A hobbyist hacker, spreadsheet warrior & an API advocate walked in to a pub…

..and they all tell the bar staff they can’t pour a pint.

That is basically the life of being a data publisher at the moment.

Leigh has written a great post about ‘Who is the intended audience for open data?’ where he articulates some of the problems and clashes of cultures better than I could but I just want to pick up on a couple of things.

For the purpose of this post I have magicked up three new ‘personas’ –

The hobbyist hacker — someone usually extremely technical, advocates (hard) for machine-readable open data, gives up a lot of their own free time to support hackdays and volunteer projects, has particular passions about how this stuff should be done and whose day job is in a parallel field (i.e. they work in software development or similar but not somewhere actually providing the data.) Just to be clear the hobbyist bit isn’t supposed to sound dismissive — I just like the way ‘hobbyist hacker’ scans :)

Like Leigh mentions this group can be pretty hard on any efforts to improve data release that is not focused on the needs of machines.

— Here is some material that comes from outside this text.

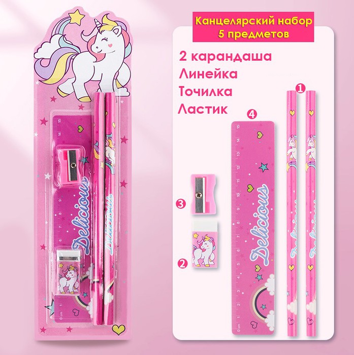 — Детский канцелярский подарочный набор из 5 предметов ПОНИ
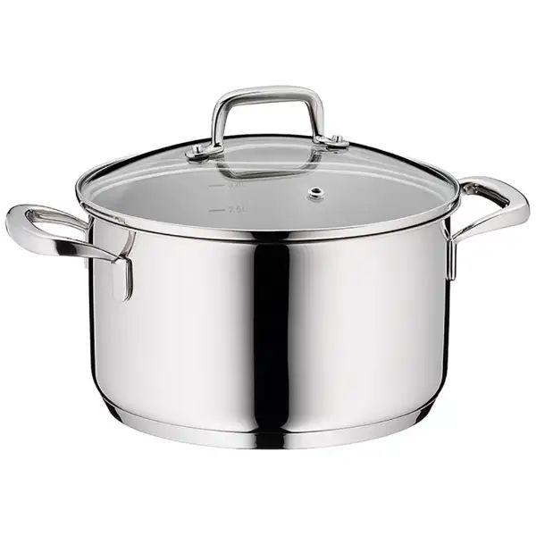 洗練された高品質のステンレス鍋。毎日の料理で使いやすいデザインです。お鍋の中身が見えるガラス蓋付き。「底厚の3層構造」ステンレス+アルミ+ステンレスの3層からなる底厚はムラなく効率よく熱を伝え、また保温性にも優れます。素材をじっくり、ふっくら調理可能。

Basically they want it to be (much easier) to programmatically query, aggregate and visualise the data (from multiple publishers). I absolutely understand where they are coming from, agree with the needs and have a lot of the same objectives in my role. The problem is that this isn’t the whole story.

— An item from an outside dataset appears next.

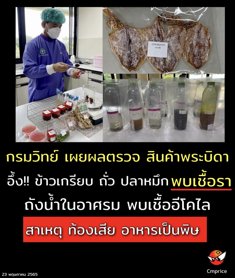 ฉบับที่ 3 สาเหตุเนื่องจากในตัวอย่างข้าวเกรียบปลาทู ถั่วลันเตาคลุกเกลือ และปลาหมึกแห้ง ตรวจพบเชื้อราเกินมาตรฐานกำหนด

The vast majority of ONS data users would fall in to the next entirely made up ‘persona’ — the spreadsheet warrior. These people work with ONS data day in and day out. Their weapon of choice though is not Python or even R — it is Excel. They are the audience the GSS (and FullFact) spreadsheet guidance sought to support. They need ‘human readable’ spreadsheets. The Venn diagram of needs between persona one and two would have more than its share of overlap but they are not the same. To be clear most data publishers (us included for sure) don’t do this well enough and if we are looking at a hierarchy of user needs (which I am not as I am just babbling away on a weekend) then providing the best possible experience here would be where we would get the biggest win (well assuming we made the data findable but that is another post).

The third, and final for the purposes of this, persona is the API advocate. This group — again for the purposes of this — tend to be somewhere between the two previous camps. They are often in-house technical staff whose role it is to support organisations who have to use the data day in and day out but they themselves are not always the end user. They share a lot of digital DNA with the hackers but the core difference is that they are trying to find a way to improve tools and processes at their day job. They see APIs (and open data more widely) as an opportunity to improve things but they need them to be documented, supported and stable as they want to integrate them in to, often vital, business systems. They are a growing, but still relatively small, group and one that really needs cultivating. My feeling is that finding a way to help these users will create an environment that improves the offerings to everyone.

Leigh ends his post with the advice

Publish for machines, but don’t forget the humans. All of the humans.

I’d just like to reorder that a little

Publish for humans, all of the humans. But don’t forget the machines.